I have a 55gal tank. An Aqua Clear 20-40 filter, a Aqua Tech 50 filter and a bubble wall along the back of the tank. Substrate is gravel. Planning on turning it into a planted aquarium in the distant future.

These are the inhabitants:
4 platys
3 swordtails
2 glass catfish
2 guppys
1 red eye tetra
1 phantom tetra
2 sailfin mollys

The inhabitants change a little. The pregnant females get moved to my fry tank and put back after dropping their fry. Right now I have 3 females in the fry tank. 

What I'm wondering is if this tank is almost full or if I have a lot more capacity room to play with. 

Also, who do you think would go well in there??


----------



## J-Pond (Jun 8, 2009)

I think maybe a few more, but only a few. maybe some neons?


----------



## jrman83 (Jul 9, 2010)

Personally, I think you could quite a bit more. I would limit it to 8-10 more though - of the same type of fish you have in there now. 

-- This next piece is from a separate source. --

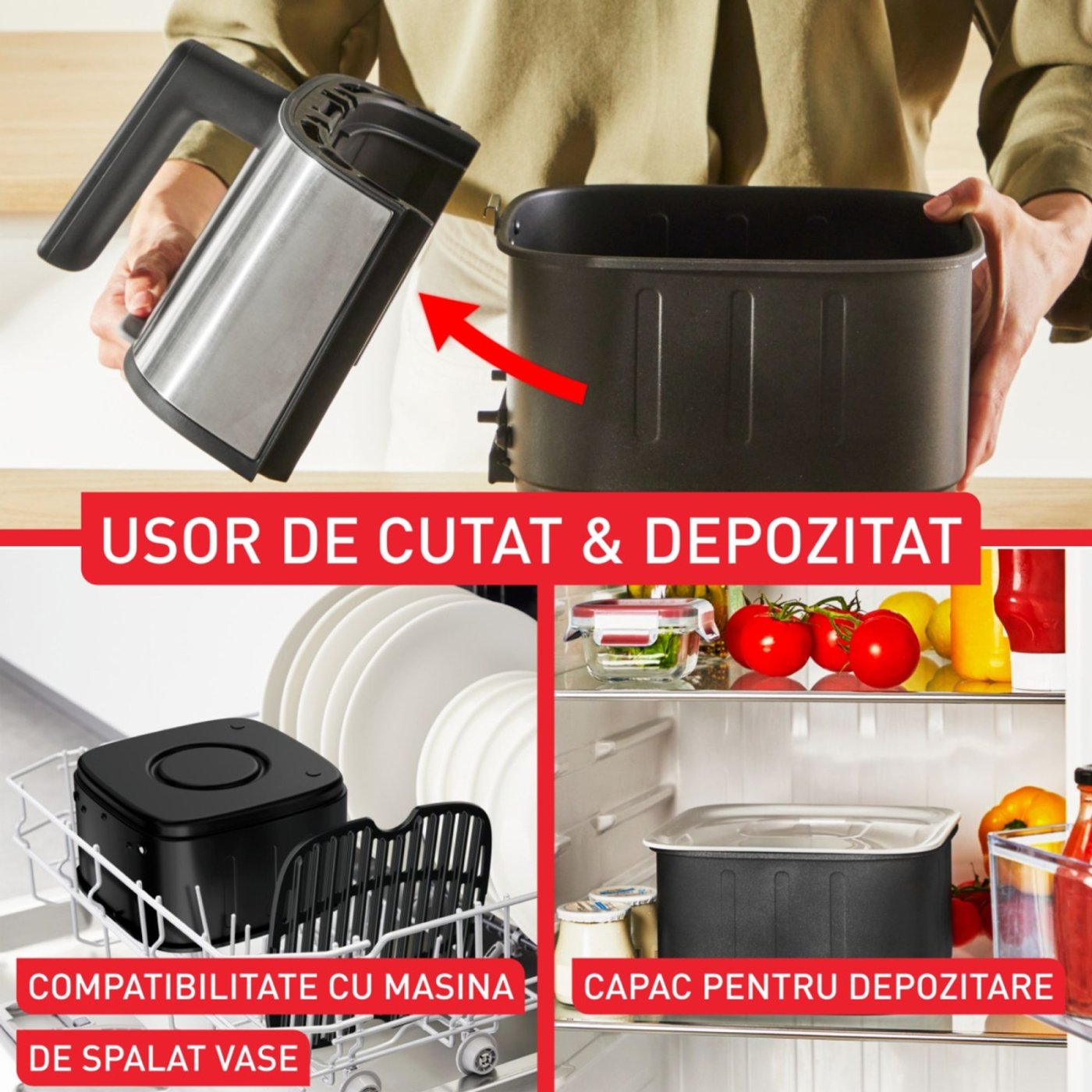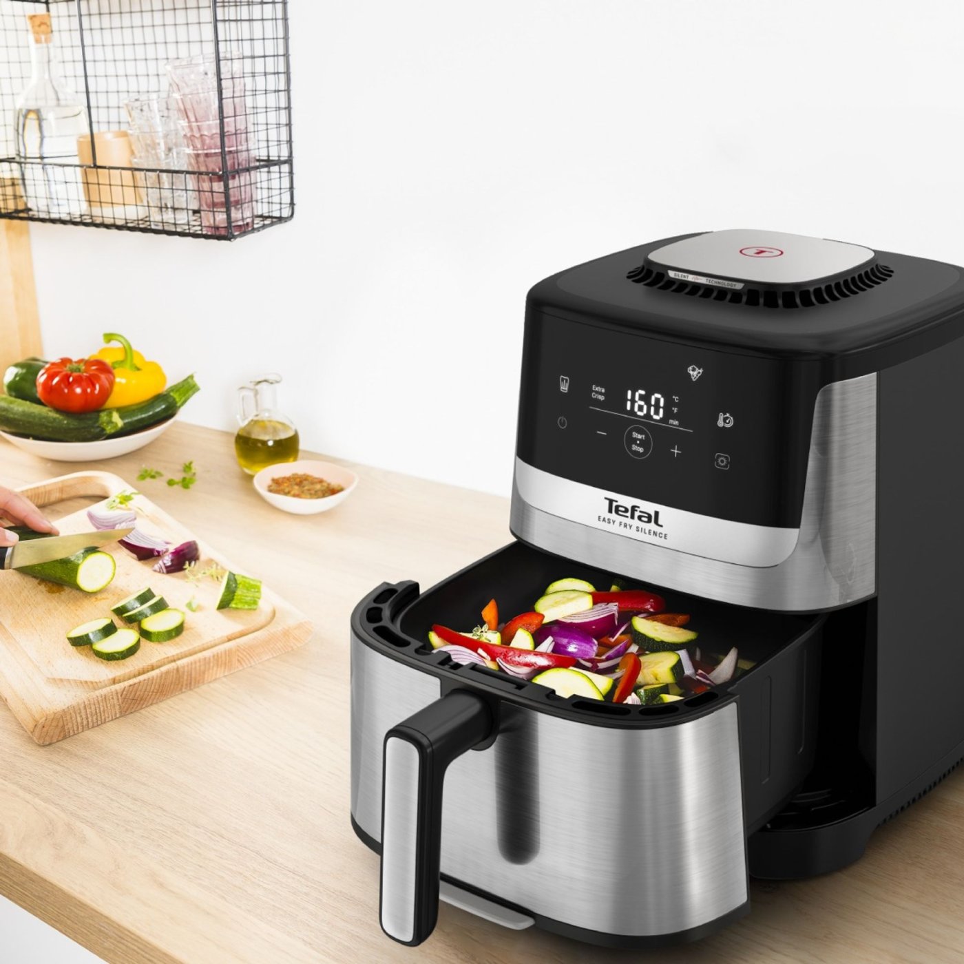 Η φριτέζα αέρα Easy Fry Silence έχει σχεδιαστεί για ενεργειακή απόδοση, μαγειρεύοντας έως και 55% πιο γρήγορα και καταναλώνοντας έως και 70% λιγότερη ενέργεια σε σύγκριση με έναν παραδοσιακό φούρνο. Επιπλέον, η εμπειρία μαγειρέματος μπορεί να εξατομικευτεί με την εφαρμογή My Tefal, η οποία προσφέρει εξατομικευμένες συνταγές και εξειδικευμένες υπηρεσίες.

FWIW, a buddy of mine has two 55gal tanks. I've seen both of them with nearly a 100 fish in each - mostly guppies. He never does water changes and only tops off. One AC 110 for the filter.


----------



## snail (Aug 6, 2010)

I think you could have more as none of them are big and messy. The glass catfish and tetras are schooling fish so consider getting more of them. In a school they will be more comfortable and interesting to watch.


----------



## underwaterking (Oct 23, 2010)

Google aqadvisor, its a great site for stocking levels and all that.
If you have problems with the web in internet explorer, try it on firefox


----------



## mk4gti (Jun 15, 2010)

Yeah you can def get a few more, i would go wtih more of what you have the red eyes like to school.


----------